Later, to drive the point home, the Lieberman campaign circulates a press release entitled, “HOWARD DEAN’S PROTECTIONIST TRADE POLICY WOULD DEVASTATE AMERICA’S ECONOMY.”

Dean counters by insisting that trade agreements need mere “international standards,” not American standards, on labor and the environment. But that’s not what he told the Washington Post (as the Lieberman campaign helpfully points out in its release) on Aug. 25. More important from my perspective, it’s the exact opposite of what Dean told me when I rode with him in July on his campaign van in Iowa. When I asked Dean if he meant just general “standards” or “American standards,” he insisted that he would demand that other countries adopt the exact same labor, environmental, health, and safety standards as the United States. But the audience wasn’t riding with me, and they rally to Dean in his time of need, applauding wildly. Lieberman is left to lamely reply, “That’s a reassuring change of position.”

Dean makes another shocking flip-flop in the debate. After repeatedly saying on previous occasions that the United States can’t abandon its obligations in Iraq, he now implies that he wants to withdraw American troops from the region: “We need more troops. They’re going to be foreign troops, not more American troops, as they should have been in the first place. Ours need to come home.”

All the candidates support an increase in the number of foreign troops in Iraq, but Dean appears to have veered into Dennis Kucinich territory, something he had scrupulously avoided before. If Dean keeps this up, after flip-flops on trade, Social Security, and foreign policy, he risks losing a considerable element of his Carter-esqe “I will never to lie to you” appeal. Dean was already having trouble reconciling his promise that he wanted to renegotiate NAFTA and other trade agreements with his insistence that the United States must trade with other countries in order to turn them into sedate, bourgeois societies.

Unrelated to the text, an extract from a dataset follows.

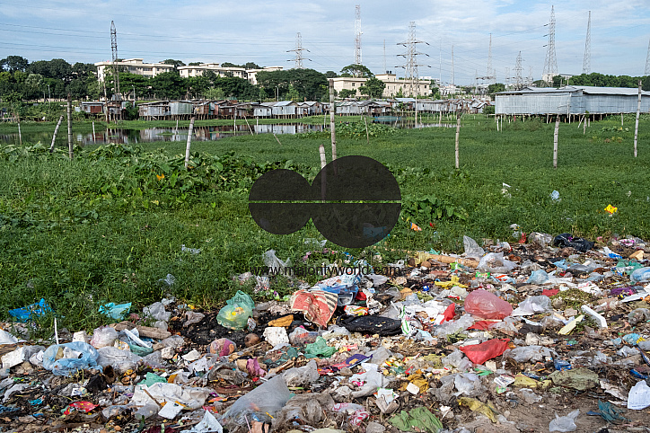 The slum of Duari Para in Dhaka, the capital of Bangladesh, home to mainly climate migrants from the southern countryside where they have suffered the effects of climate change: rising water levels, soil erosion and salinisation. Bangladesh.

Fairly or not, self-styled straight-talking candidates are held to a higher standard of honesty, and Dean’s having trouble meeting it.

The best thing Dean does during the debate is refuse to pander to the Albuquerque audience by spewing tortured Spanish, as Lieberman, Edwards, and especially Kucinich do. He does, however, refer to Latin America as a “hemisphere.” And his one specific appeal to the Hispanic/Latino voters that are supposed to be the focus of this debate is nonsensical. Dean insists that racial profiling “doesn’t work,” and then follows the sentiment with this one: “For 9/11 to have affected our immigration policy with Latin America is ridiculous. The last I checked, not one of those 19 hijackers was Latino.” Isn’t that racial profiling?

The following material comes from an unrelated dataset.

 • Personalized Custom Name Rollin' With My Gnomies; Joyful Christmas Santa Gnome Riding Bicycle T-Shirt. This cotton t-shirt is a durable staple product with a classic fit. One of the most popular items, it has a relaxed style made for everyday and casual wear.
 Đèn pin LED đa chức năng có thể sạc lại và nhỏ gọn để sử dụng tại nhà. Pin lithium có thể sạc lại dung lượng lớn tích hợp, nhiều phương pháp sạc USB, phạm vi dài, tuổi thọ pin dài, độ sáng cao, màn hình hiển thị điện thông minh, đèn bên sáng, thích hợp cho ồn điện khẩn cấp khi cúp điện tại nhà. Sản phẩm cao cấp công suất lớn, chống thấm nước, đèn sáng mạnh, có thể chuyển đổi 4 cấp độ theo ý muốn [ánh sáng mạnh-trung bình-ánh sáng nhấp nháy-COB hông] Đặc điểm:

But for the most part, Dean resists making pandering references to Hispanics and Latinos during the debate, and he comes out the better for it. In the morning, during his visit with the fugitive Texas senators, Dean denounced racial gerrymandering. He said that America has changed over the past couple decades and that minorities no longer need to be packed into separate districts in order to achieve representation in Congress and in state legislatures. “That time is past,” Dean said. And when he was asked how his campaign planned to appeal to Hispanic votes, he simply and admirably segued into his generic stump speech about health care.

But after the Democratic denunciation of President Bush and the Republicans for wanting to pack minorities into separate, ghettoized congressional districts, there was something distasteful about debate co-moderator Maria Elena Salinas’ assertion that this debate was “the first time ever that a debate will emphasize issues of interest to Hispanic voters as well as to the general electorate,” with its implication that previous presidential debates appealed to the general electorate but not to the Hispanics that are a subset of that electorate. After all, if it’s wrong to pack minorities into separate congressional districts, why is it OK to pack them into separate presidential debates?